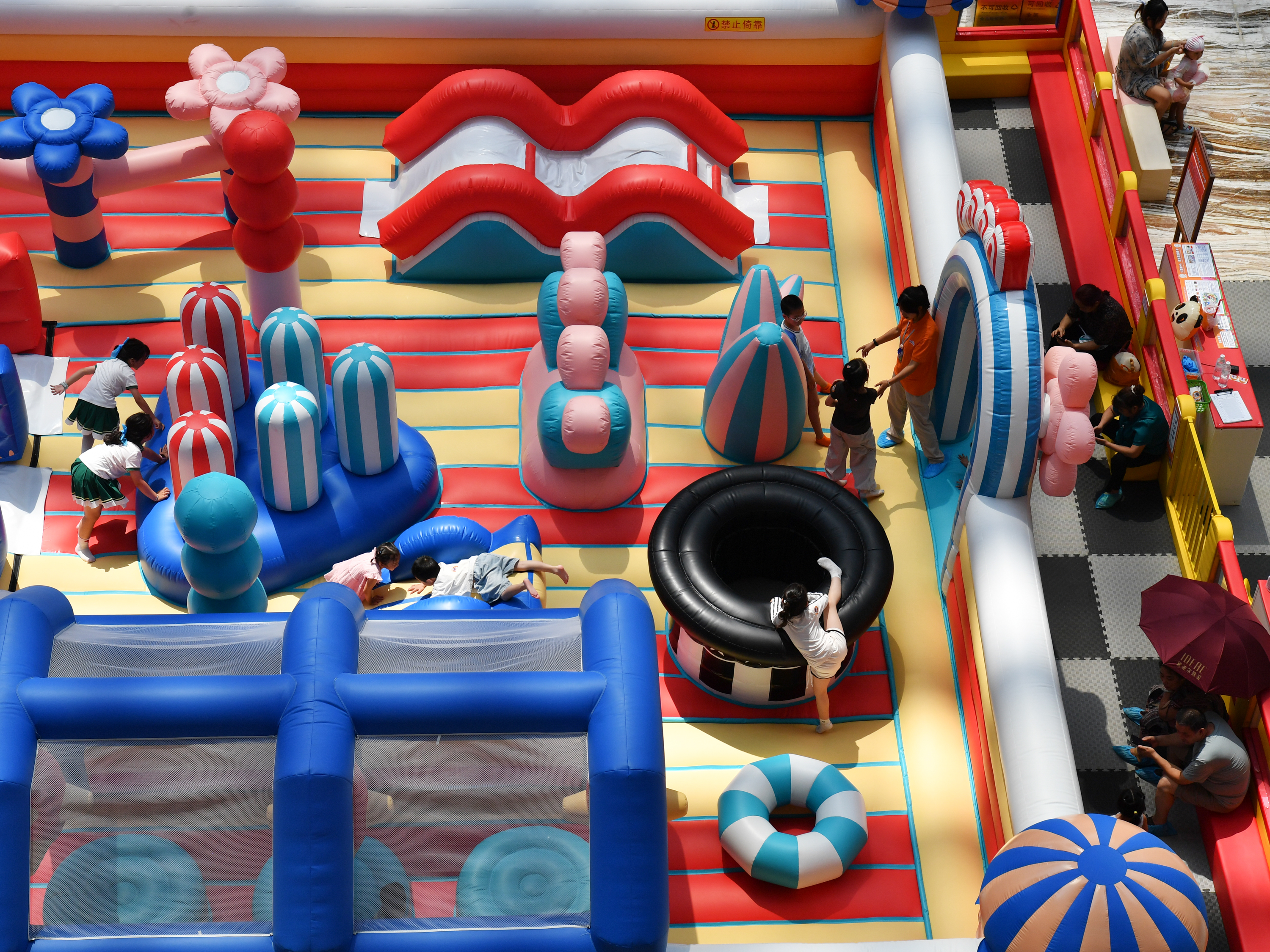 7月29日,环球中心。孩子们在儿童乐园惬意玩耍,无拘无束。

▬▬▬▬▬▬

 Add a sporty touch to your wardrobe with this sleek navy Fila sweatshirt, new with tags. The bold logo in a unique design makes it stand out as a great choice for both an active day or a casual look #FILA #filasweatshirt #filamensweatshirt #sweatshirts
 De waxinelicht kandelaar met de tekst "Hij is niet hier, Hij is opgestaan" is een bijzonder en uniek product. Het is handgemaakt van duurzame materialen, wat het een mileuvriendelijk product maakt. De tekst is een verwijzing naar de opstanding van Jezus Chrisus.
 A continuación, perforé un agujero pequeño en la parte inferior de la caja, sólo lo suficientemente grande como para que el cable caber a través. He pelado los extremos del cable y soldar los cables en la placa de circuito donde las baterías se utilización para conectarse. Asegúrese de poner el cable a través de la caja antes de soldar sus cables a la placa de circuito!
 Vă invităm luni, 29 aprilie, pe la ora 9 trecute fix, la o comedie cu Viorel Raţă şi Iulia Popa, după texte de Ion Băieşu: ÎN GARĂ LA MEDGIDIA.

▬▬▬▬▬▬

The lines above from the one with "A continuación, perforé" through the one with "Vă invităm luni, 29" are to be duplicated exactly, ends included, with nothing added.

== COMPLETED EXERCISE ==
 A continuación, perforé un agujero pequeño en la parte inferior de la caja, sólo lo suficientemente grande como para que el cable caber a través. He pelado los extremos del cable y soldar los cables en la placa de circuito donde las baterías se utilización para conectarse. Asegúrese de poner el cable a través de la caja antes de soldar sus cables a la placa de circuito!
 Vă invităm luni, 29 aprilie, pe la ora 9 trecute fix, la o comedie cu Viorel Raţă şi Iulia Popa, după texte de Ion Băieşu: ÎN GARĂ LA MEDGIDIA.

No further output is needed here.